Evelynismyformerspyname · 16/01/2018 11:12

There are plenty of flights only to Sydney and back for just under 1000€ which is about what we spend on our main family holiday now, so definitely possible for a lot of people after dependant children have flown the best and school holiday family holiday money can be repurposed.

Far more difficult for people on low incomes or with a SN adult child still at home to take into account (to pay a fare for or find respite care, neither of which may be realistic) obviously.

rightsaidfrederickII · 16/01/2018 11:13

DF has been telling me I skills for years as the country is going downhill and there's no future here (a belief he's held since the days of Thatcher, justifiably strengthened by Brexit)
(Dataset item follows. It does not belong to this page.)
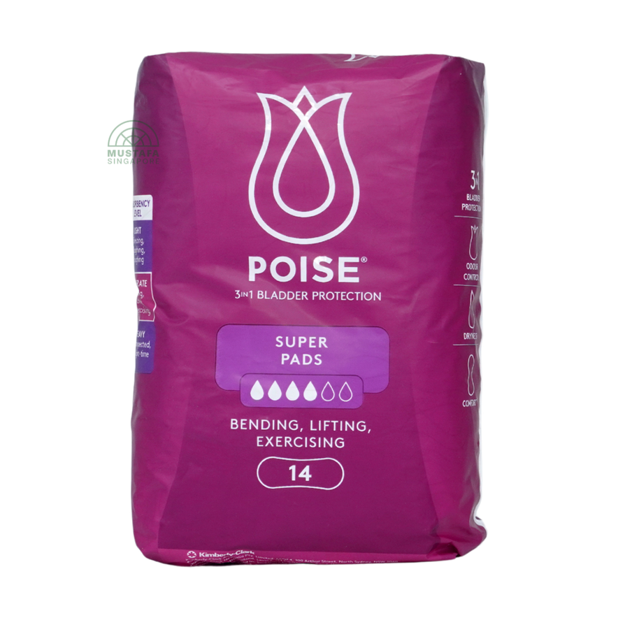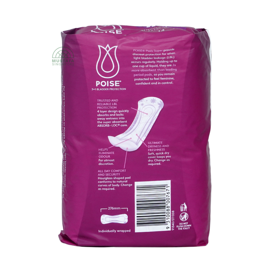 Poise Pad Super 27.6cm 14s provides strong absorbency with medium length coverage, perfect for moderate to heavy bladder leaks. Discreet yet effective, these pads ensure dryness and comfort.
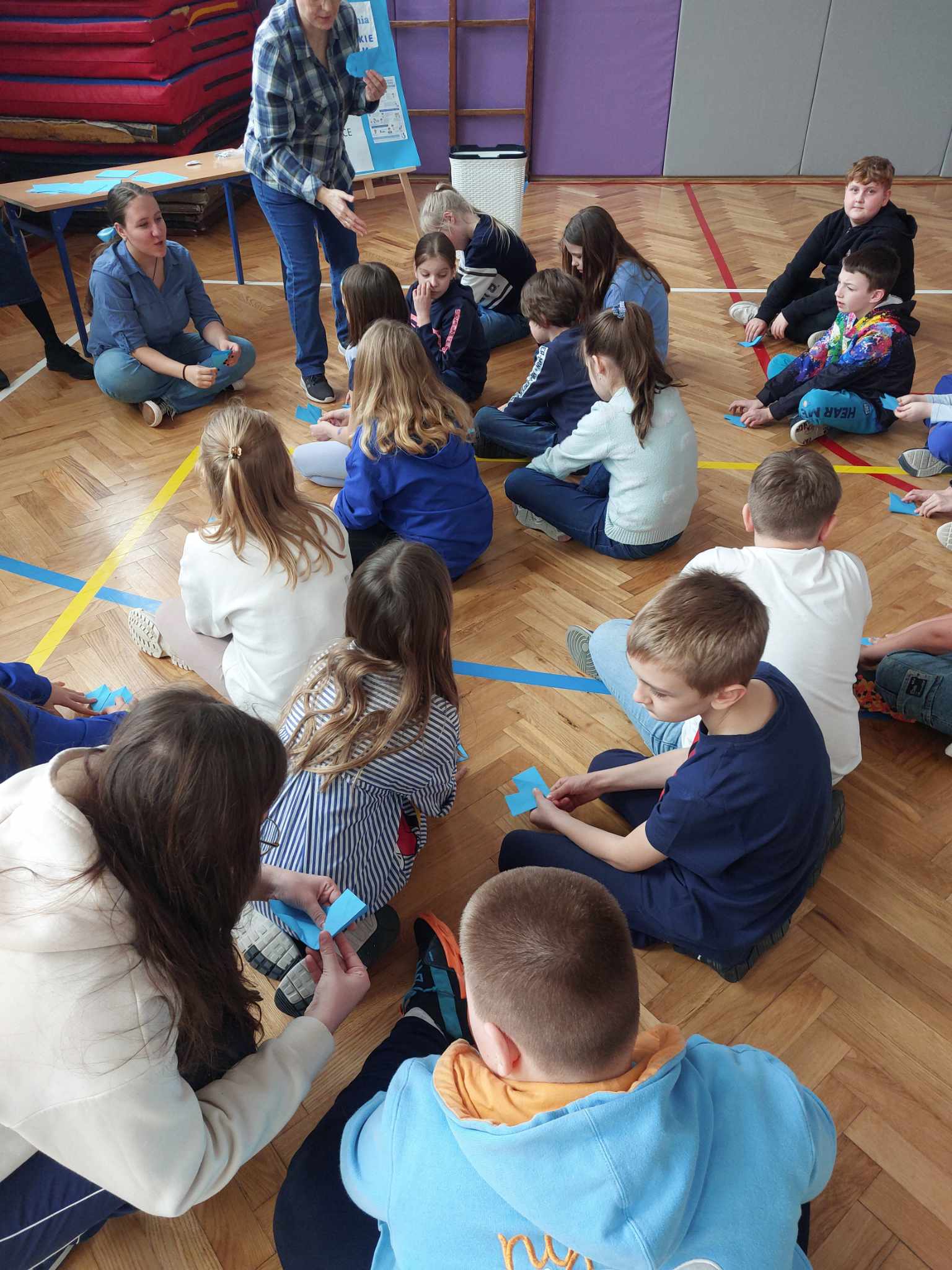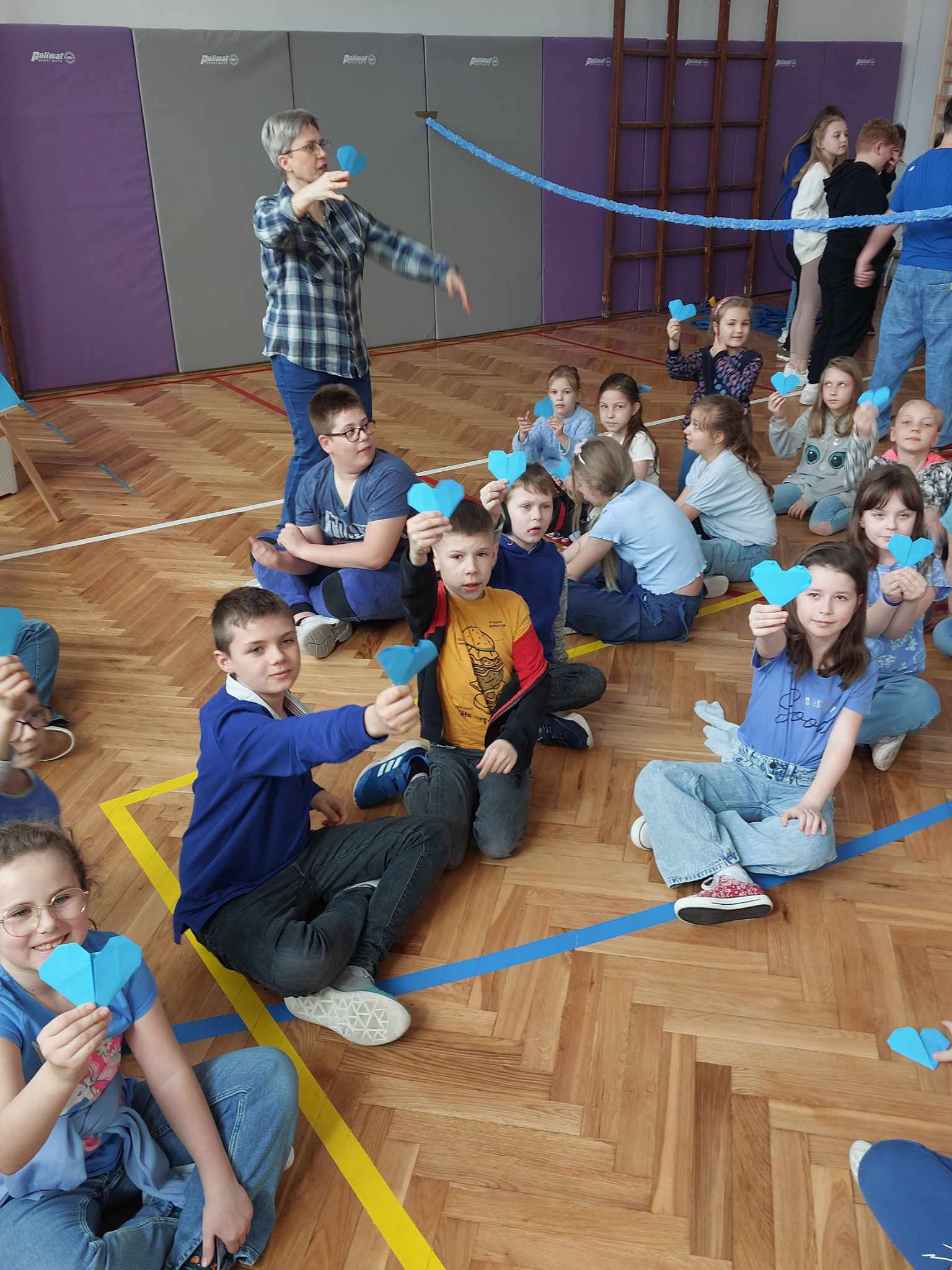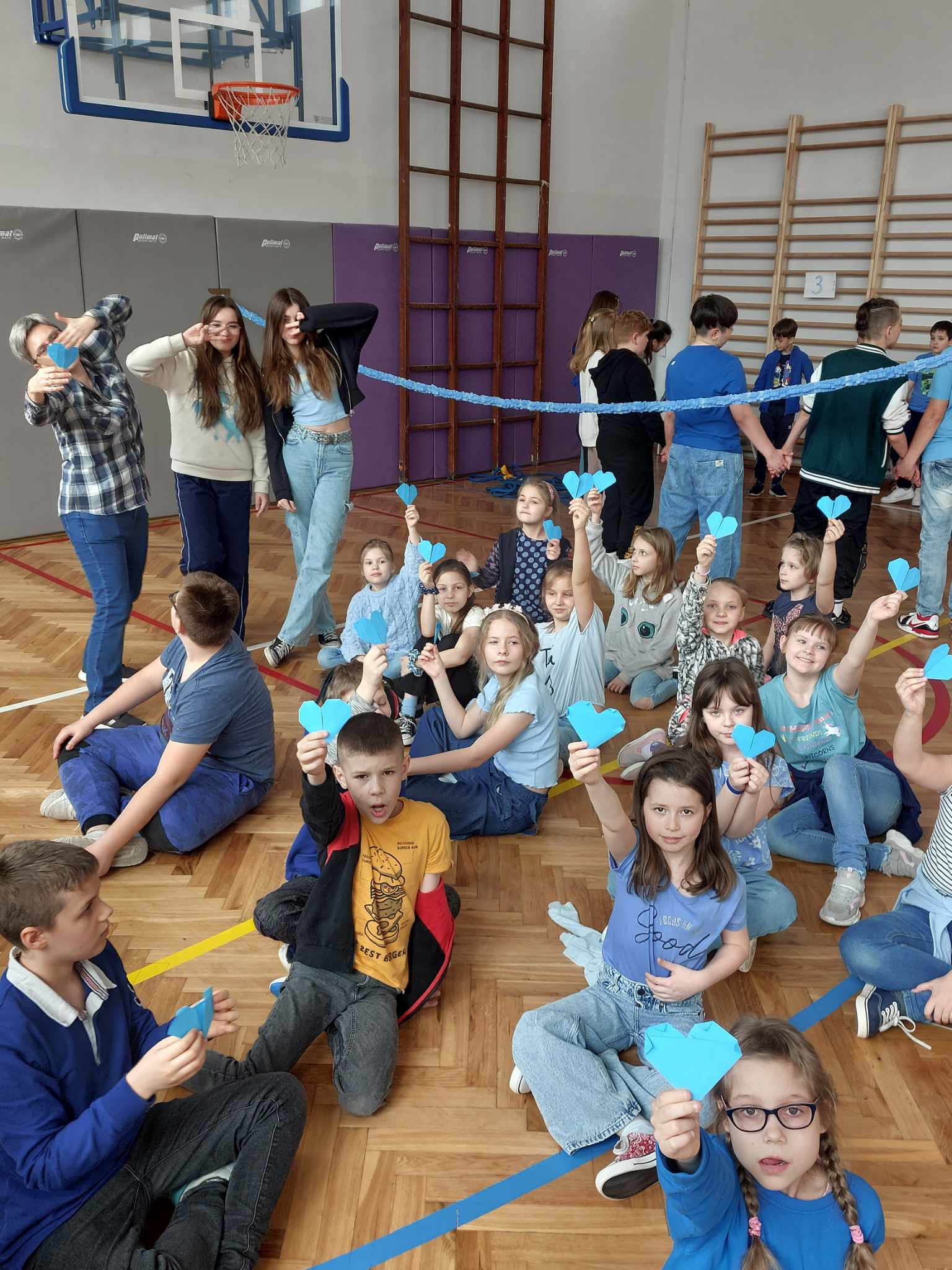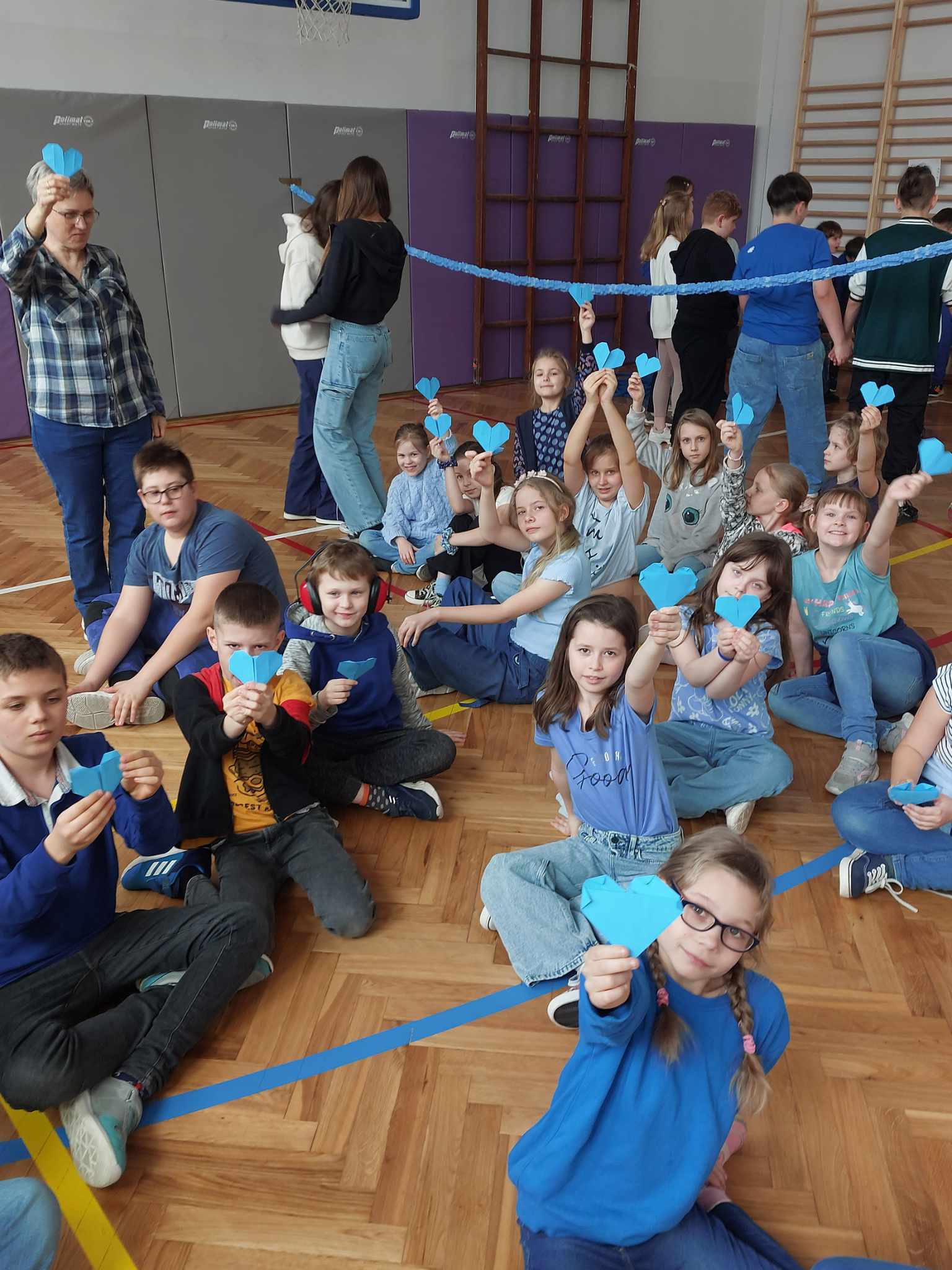 W dniu 4 kwietnia 2024 odbyły się zajęcia dla uczniów klas II i III. Wychowawcy przeprowadzili lekcje edukacyjne na temat autyzmu. Następnie na sali gimnastycznej odbyła się część warsztatowa. Uczniowie na Niebieskich Stoiskach wykonywali ciekawe działania. Na stoisku „Podaruj Serce” składali niebieskie serca metodą origami. Kolejne stoisko „Pomocna Dłoń”- to miejsce gdzie tworzyli wspólne plakaty z odrysowanych i wyciętych swoich dłoni, na kolejnym „Wspólny Relaks” kolorowali. Na ostatnim „Razem Działamy” mieli zorganizowane zabawy ruchowe wymagające współpracy. Uczniowie klas II b i III a wraz z nauczycielami wyszli przed szkołę, aby wręczyć przechodniom część wykonanych serc. Dlatego, aby szerzyć świadomość na temat spektrum autyzmu. Podejmowane działania przyniosły uczniom wiele radości, ale i dobrych myśli dotyczących autyzmu.

mumeeee · 16/01/2018 11:14

I would be sad but happy for them.
My daughter and SIL moved to Switzerland last year and I was very upset but that's a lot easier to get to then Australia

Deshasafraisy · 16/01/2018 11:15

Devastated, delighted, envious, proud, worried, all the feels.
I’d want to go too!

Llangollen · 16/01/2018 11:15

just randomly looked at tickets for 2 adults from London to Sydney.
I spend a lot more than that on a holiday in the UK for a week, let alone 2.

If you organise yourself well, it's really possible to visit often enough. Kids will understand that you can't be as generous with gifts and help when you pay for tickets, but that's all

To ask how you would feel if your adult child decided to emigrate to Oz or NZ
Oblomov18 · 16/01/2018 11:16

I would miss them terribly, but be thrilled.

beingsunny · 16/01/2018 11:16

I'm that child, you need to be supportive and visit when you can

CheapSausagesAndSpam · 16/01/2018 11:16

I am that child.

Before I moved, I spoke honestly to myself about how I'd feel if my children move abroad one day and I can honestly say that whilst I'd be missing them TERRIBLY and would rather they didn;t, I'd also be proud of them and if they were happy, so would I be.

notacooldad · 16/01/2018 11:17

One of my kids is setting out his career so that he has a good chance of gaining employment in OZ. He loves it there.
I've told him to get aim for a fantastic job so that he can support me and DP to be with him!
I am not devastated by the prospect. I see more of my Ozzie relatives than my immediate family ( who I have no issues with and they live an hours drive away!

FlakeBook · 16/01/2018 11:17

I would be heartbroken. But I didn't have children to limit their experiences or for them to live their lives around me. I would also be proud that they were so brave and independent. I'don't also be hoping they would come back in a few years!